> Activity:
Would you retype the whole listing verbatim, keeping pictures out of it?
*** Collected material ***
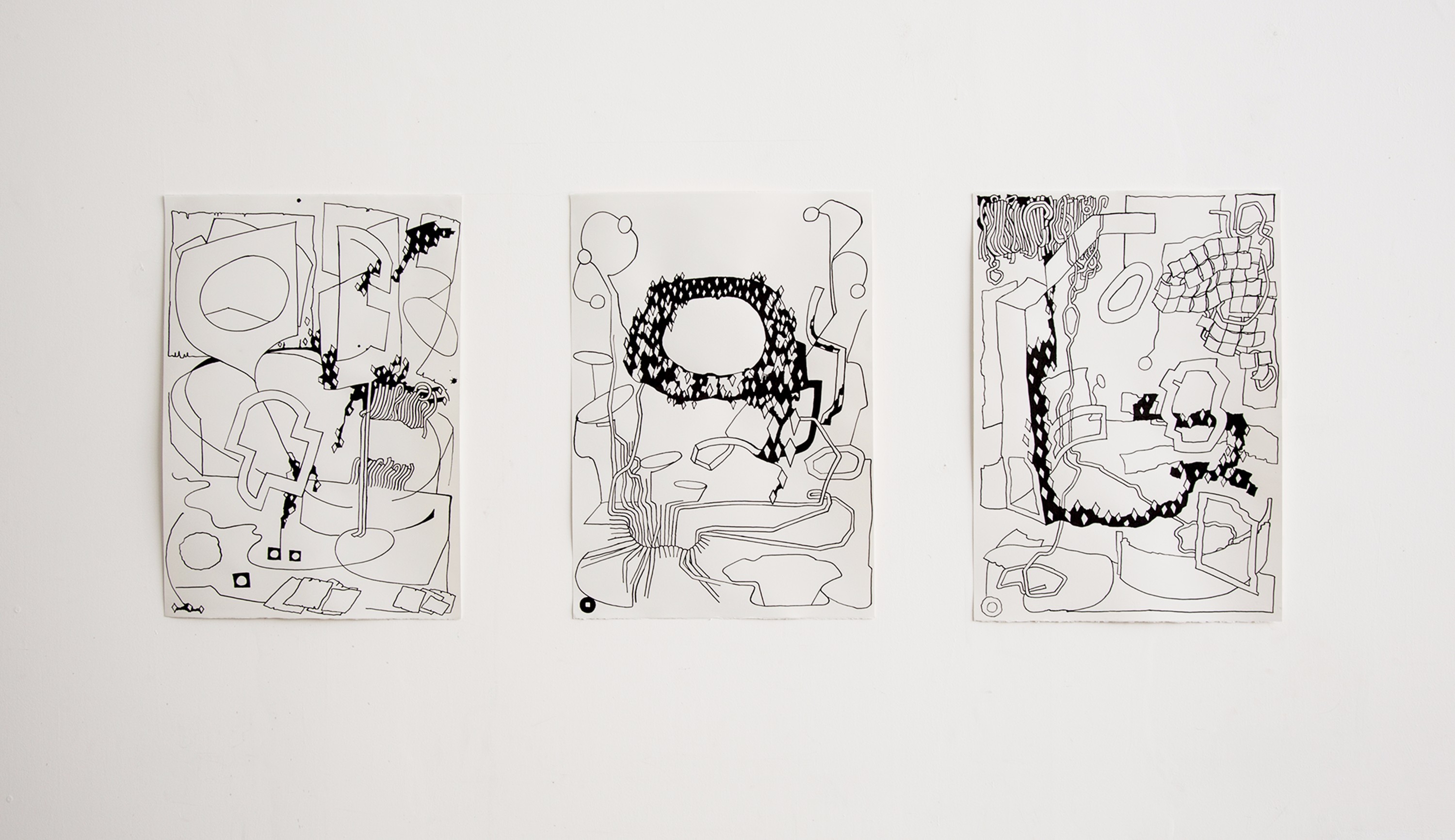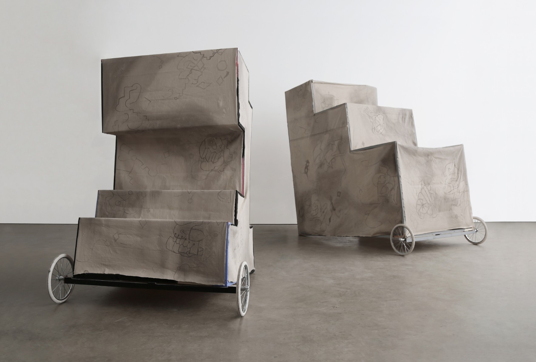 The theatricality implicit in my sculptures is actualised in certain works that involve performers, sometimes created in collaboration with musicians and composers. Impossible spaces and the architecturally in-between areas of corridors, staircases, and waiting rooms feature in my 2D works, creating parallels with my performative installations that attempt to fix the transitory state of rehearsal or planning.
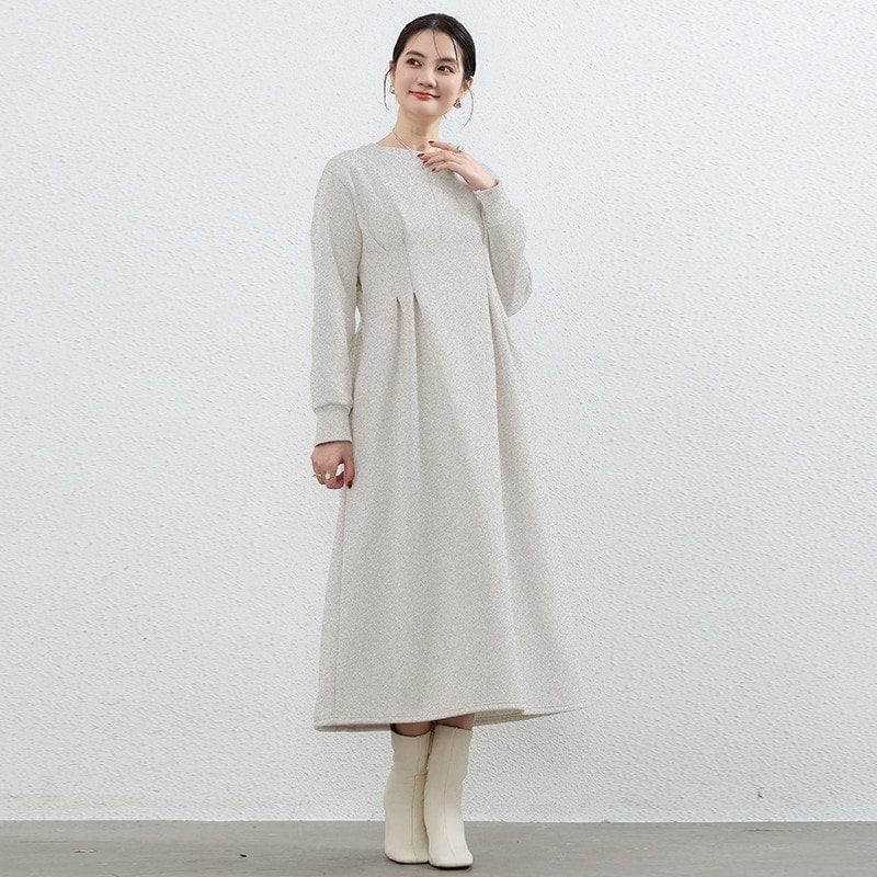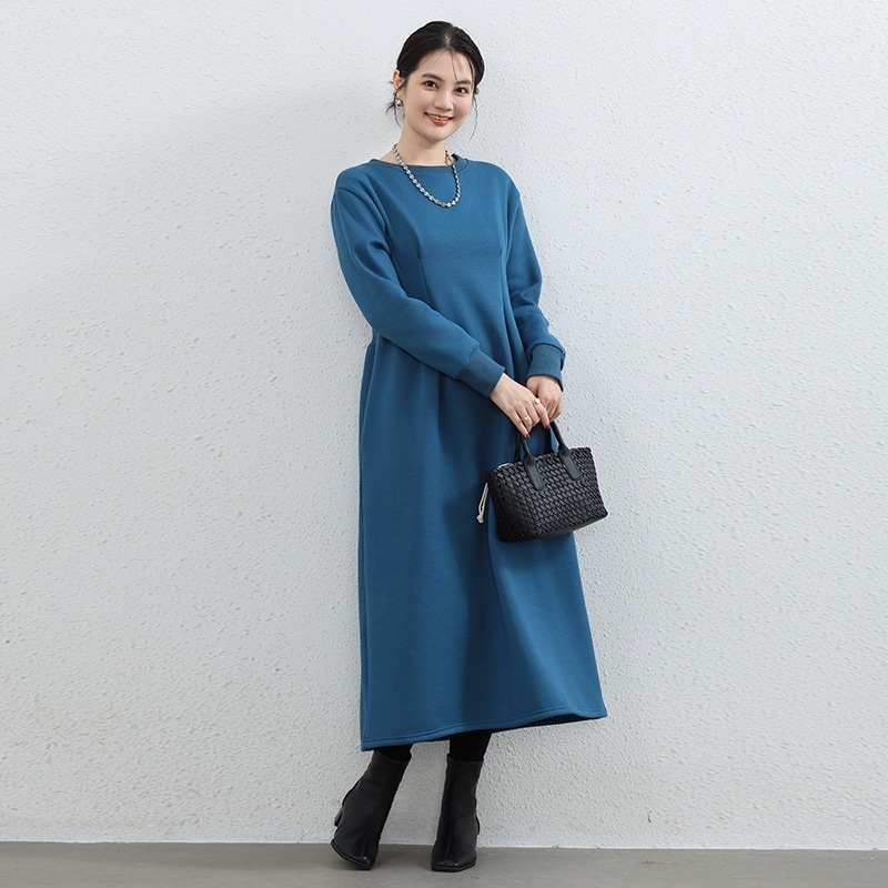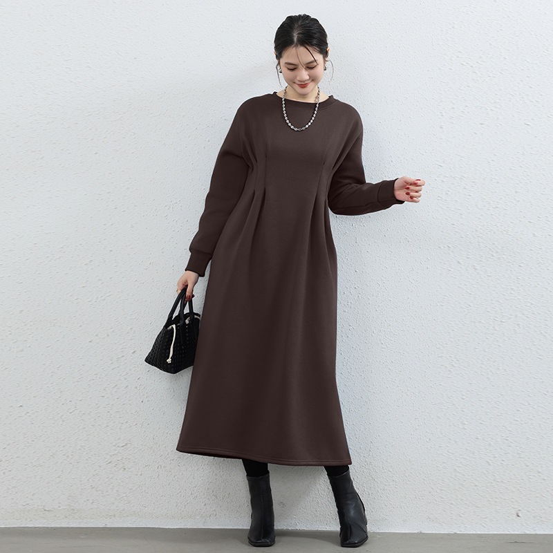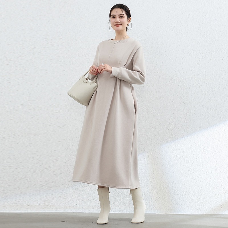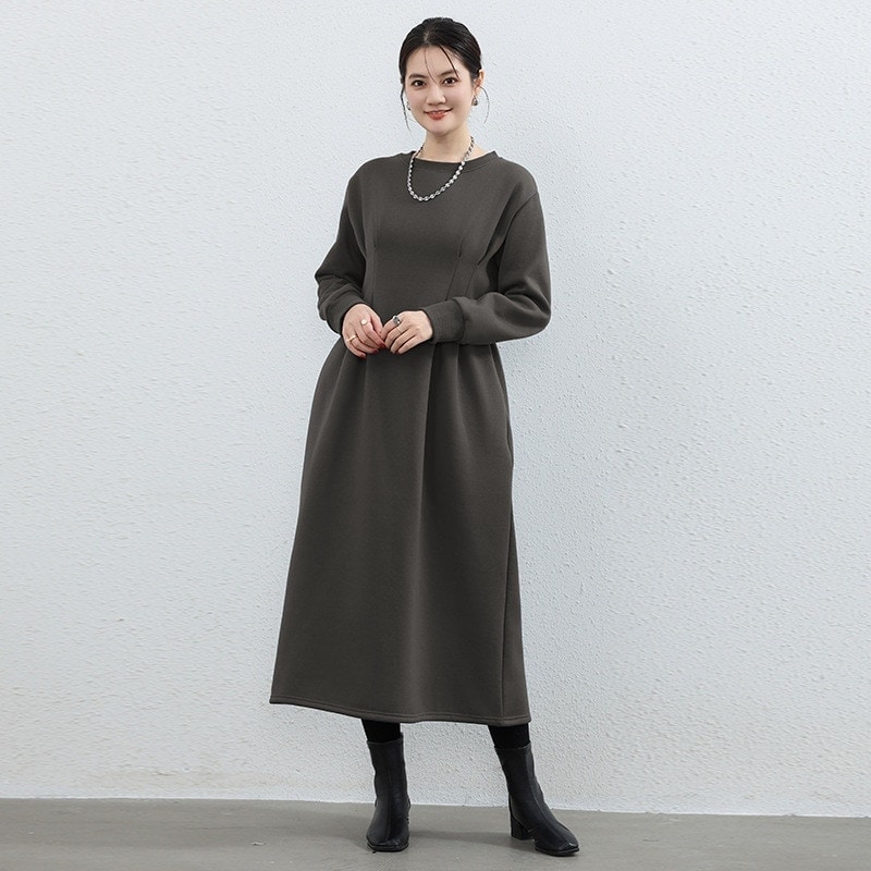 秋冬ピュアカラーギャザーワンピース ゆったりベルトポケットカジュアル丸首パーカーロングスカートロング・長袖
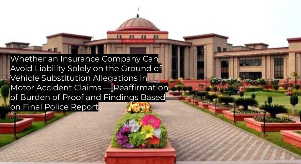 Whether an Insurance Company Can Avoid Liability Solely on the Ground of Vehicle Substitution Allegations in Motor Accident Claims — Reaffirmation of Burden of Proof and Findings Based on Final Police Report
*** End of Collected material ***
> Exercise solution:
 The theatricality implicit in my sculptures is actualised in certain works that involve performers, sometimes created in collaboration with musicians and composers. Impossible spaces and the architecturally in-between areas of corridors, staircases, and waiting rooms feature in my 2D works, creating parallels with my performative installations that attempt to fix the transitory state of rehearsal or planning.
 秋冬ピュアカラーギャザーワンピース ゆったりベルトポケットカジュアル丸首パーカーロングスカートロング・長袖
 Whether an Insurance Company Can Avoid Liability Solely on the Ground of Vehicle Substitution Allegations in Motor Accident Claims — Reaffirmation of Burden of Proof and Findings Based on Final Police Report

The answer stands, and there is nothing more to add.